When a class-type object is created, a constructor is run to initialize it. [3] When a class-type object dies, its destructor is run to clean up its data. For a local object, this is when the associated variable goes out of scope. For a dynamic object, it is when delete is applied to its address.

If a class-type object is an element of an array, it dies when the array dies, so its destructor runs when the array is dying.

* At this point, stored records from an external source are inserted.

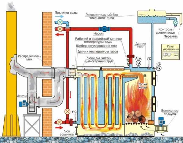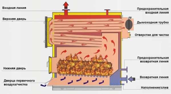 Схематическое изображение устройства котла, работающего на твердом топливе
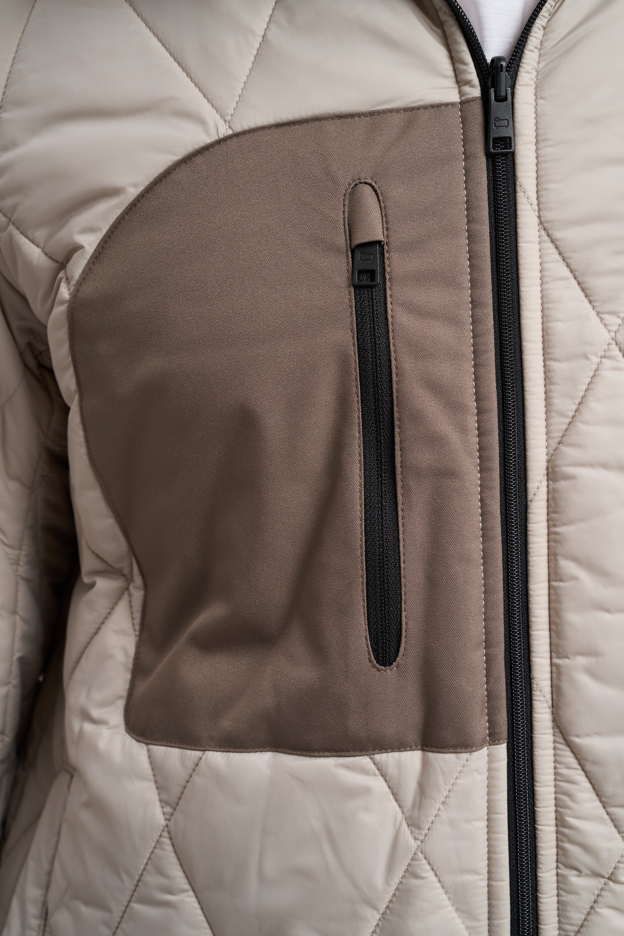 - Chiusura frontale con zip bidirezionale impermeabile parzialmente coperta da patta
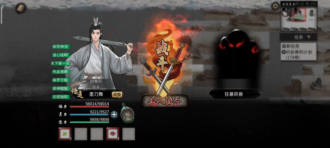 开局(假) 开了三个插件,不开也没影响 洪荒,NPC数量较多 先天 天妒英才:+%20修练经验,修练得更快,减少修练时间。 噬魂剑:噬魂剑吃了宗主后解锁的技能用绝技的时候它是有多少敌人它就会召唤多少把剑,所以打大妖兽的时候可以等大妖兽召唤小怪的时候再用绝技把小怪都打死,而这时候召唤出来的所有剑都会去攻击大妖兽。所以大妖兽召唤的小怪越多,剑能打的伤害越高。前期主要靠噬魂剑打伤害了。 武法灵童或者所有
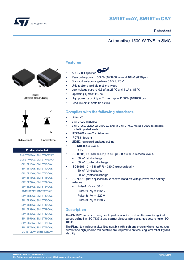 uccjo Inserita: 18 ottobre Segnala Inserita: 18 ottobre BETY = SM15T33CAY allego datasheet. Tabella 6 c'è l'equivalenza dei mark con i codici del componente
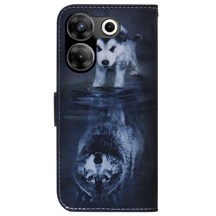 Estuche de Cuero para Tecno Camon 20 Pro 4G y 20 con Tapa Dibujo a Color (Lobo y Perro)
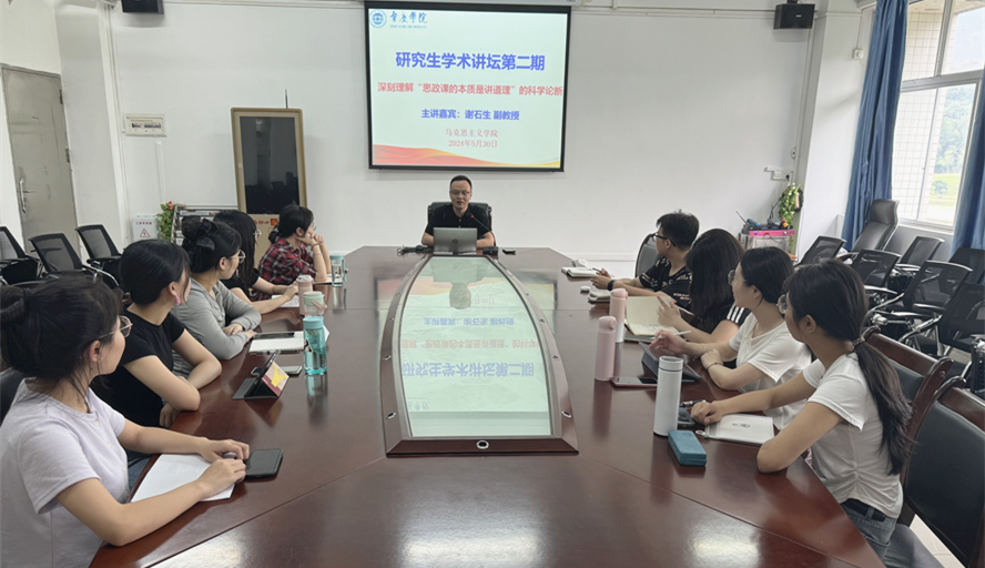 本网讯 5月30日,马院第二期研究生学术讲坛在学院会议室举行。学院谢石生副院长以《深刻理解“思政课的本质是讲道理”的科学论断》为题,从“思政课的本质是讲道理”的依据、指向、举措等三个方面展开阐释,并鼓励研究生们日后作为一名思政课教师要注重方式方法,把道理讲深、讲透、讲活,让思政教育真正走进学生的心里。
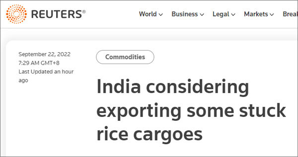 此前为确保本国粮食供应,印度曾宣布自9月9日起,禁止碎米出口并对蒸谷米和印度香米以外的大米征收20%出口税。据路透社报道,此举致超100万吨的粮食滞留在印度港口。
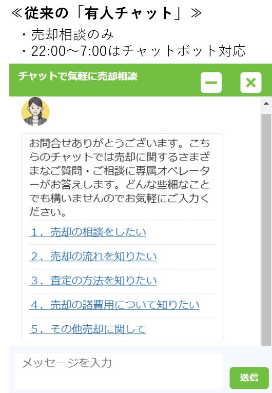 当社では従来より、ホームページ上の、売却相談関連ページにおいて「有人チャット」による対応を行ってまいりましたが、夜間など人員を配置できない時間帯はチャットボットによる対応に切り替える必要があり、また不動産のご購入相談を含めた様々な不動産に関するニーズをお持ちの多くの訪問者様(月平均914万ページビュー/2023年度実績)一人一人に、最適な顧客体験を提供できていないという課題がございました。
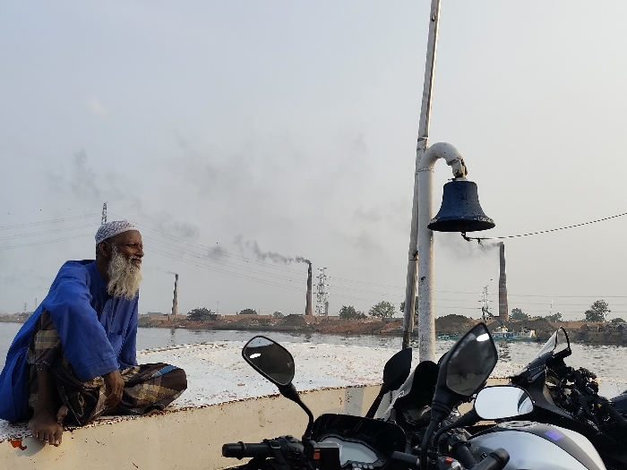 The image depicts a riverine industrial landscape in Narayanganj, Bangladesh, observed from a vessel such as a ferry. An elderly man, presumed to be of South Asian descent, is seated cross-legged on a light-colored surface, possibly a deck or railing. He possesses a long white beard, wears a white prayer cap (kufi), a blue long-sleeved tunic, and a patterned lungi, and is barefoot. He looks towards the right with a slight smile. In the immediate foreground, the handlebars and rearview mirrors of at least two motorcycles are visible. A white pole with a dark bell attached stands vertically on the vessel, positioned between the man and the motorcycles. Across the water, the distant bank features multiple tall industrial chimneys, characteristic of brick kilns or factories, several of which are actively emitting dark grey smoke. Power transmission towers and sparse foliage are visible between the chimneys. The sky is a uniform, hazy light grey. The scene encapsulates a convergence of river transport, human presence, and active heavy industry in a specific geographical context.
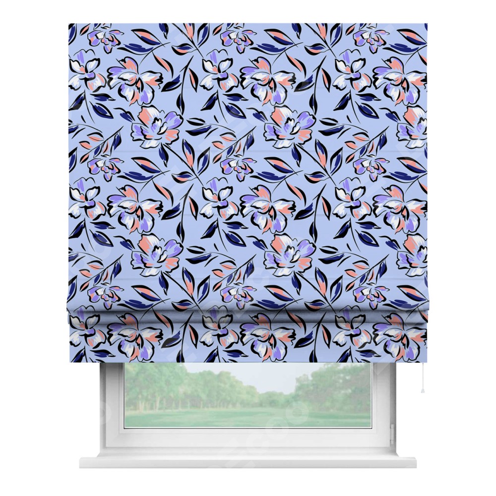 Римская штора производителя «Cortin», используется для проёма, пошита из ткани блэкаут с нанесением сублимационной печати «Цветочки и листочки». Имеет универсальный механизм и подходит для монтажа: на потолок, на стену и в нишу.
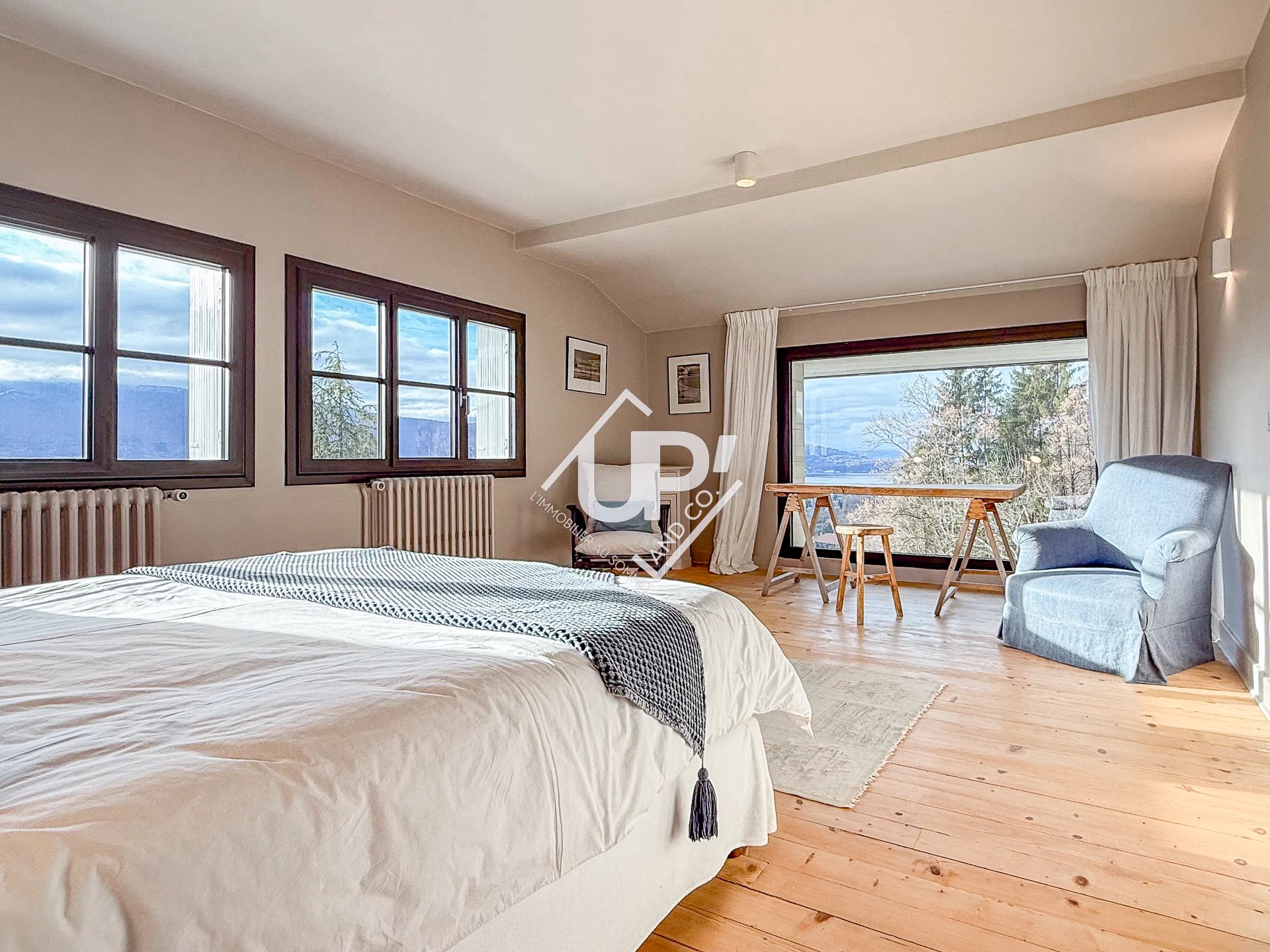 Bienvenue à Menthon-Saint-Bernard, perle de la rive Est du lac d’Annecy, où se mêlent douceur de vivre, nature préservée et panorama d’exception. Nichée en lisière de forêt, la Hauteclaire offre une vue plongeante sur le lac et les montagnes environnantes, invitant instantanément au calme, à la sérénité et au dépaysement. Conçue pour accueillir familles et groupes d’amis, la maison se compose de plusieurs niveaux harmonieusement agencés : Rez-de-jardin • Deux chambres lumineuses avec accès direct au jardin et salles de douche privatives, • Un salon confortable idéal pour partager un moment convivial, Premier niveau • Un spacieux séjour baigné de lumière, doté de larges ouvertures offrant une vue imprenable sur le lac d’Annecy avec accès sur une terrasse. • Une cuisine séparée entièrement équipée pour vos repas en toute autonomie. • Un bureau inspirant, parfait pour ceux qui souhaitent mêler télétravail et nature. Dernier niveau • Une chambre paisible donnant sur la forêt, • Une salle de douche avec WC, • Une somptueuse suite parentale avec douche privée et vue panoramique sur le lac : un véritable havre de tranquillité. Prestations bien-être Pour un séjour placé sous le signe de la détente, la propriété met à votre disposition un jacuzzi et un sauna, idéals pour se ressourcer après une journée d’activités au grand air. ________________________________________ Découvrez Menthon-Saint-Bernard Ce village emblématique, dominé par son romantique château de Menthon, est réputé pour son charme authentique et son cadre naturel exceptionnel. Depuis la maison, vous pourrez profiter : • Des plages du lac (plage de Menthon, plage de la Brune), parfaites pour la baignade et les sports nautiques (paddle, voile, kayak). • De magnifiques randonnées accessibles depuis la forêt attenante ou vers le Roc de Chère, réserve naturelle offrant des points de vue spectaculaires. • De balades à vélo sur les itinéraires cyclables qui longent le lac. • Du port de Menthon, pour des croisières sur le lac ou un dîner au bord de l’eau. • De petites adresses gourmandes, du marché local aux restaurants réputés du village et des alentours. • Du golf à proximité. À seulement quelques minutes d’Annecy, Menthon-Saint-Bernard est le point de départ rêvé pour explorer les trésors du lac, les activités alpines et les villages typiques de la région. Une maison chaleureuse, un cadre exceptionnel, des prestations haut de gamme : tout est réuni pour vivre un séjour inoubliable à Menthon-Saint-Bernard. N’attendez plus pour réserver votre parenthèse de détente entre lac, montagnes et forêt.

The lifetime of member variables of a class-type object is tied to the lifetime of the object as a whole. When the object dies, its members die as well; if they are of class-type themselves, their destructors run. Specifically, the members of a class-type object are automatically destroyed after the destructor of the object is run, in reverse order of their declarations. The following is an example:

class M {
public:
  M(const string &s) : mstr(s) {
    cout << "M ctor: " << mstr << endl;
  }

  ~M() {
    cout << "M dtor: " << mstr << endl;
  }

private:
  string mstr;
};

class C {
public:
  C(const string &s) : cstr(s), m1(s + ".m1"), m2(s + ".m2") {
    cout << "C ctor: " << cstr << endl;
  }

  ~C() {
    cout << "C dtor: " << cstr << endl;
  }

private:
  string cstr;
  M m1;
  M m2;
};

int main() {
  C c1("c1");
  C *cptr = new C("(*cptr)");
  C c2("c2");
  delete cptr;
}

This prints the following when run:

M ctor: c1.m1
M ctor: c1.m2
C ctor: c1
M ctor: (*cptr).m1
M ctor: (*cptr).m2
C ctor: (*cptr)
M ctor: c2.m1
M ctor: c2.m2
C ctor: c2
C dtor: (*cptr)
M dtor: (*cptr).m2
M dtor: (*cptr).m1
C dtor: c2
M dtor: c2.m2
M dtor: c2.m1
C dtor: c1
M dtor: c1.m2
M dtor: c1.m1

When main() is run, the declaration of c1 creates a C object and calls its constructor. The latter first initializes the members m1 and m2 in order before running the body of C‘s constructor. Thus, we get the output:

M ctor: c1.m1
M ctor: c1.m2
C ctor: c1

The code then constructs a C object in dynamic memory, resulting in:

M ctor: (*cptr).m1
M ctor: (*cptr).m2
C ctor: (*cptr)

It then creates another local C object:

M ctor: c2.m1
M ctor: c2.m2
C ctor: c2

The program proceeds to apply delete to the address of the dynamic C object, which causes its destructor to run. The body of ~C() runs first, and then the members are destroyed in reverse order:

C dtor: (*cptr)
M dtor: (*cptr).m2
M dtor: (*cptr).m1

The string cstr is also destroyed, since it is a class-type object, and it is destroyed after m1. However, the string destructor doesn’t print anything out, so we do not see it in the output.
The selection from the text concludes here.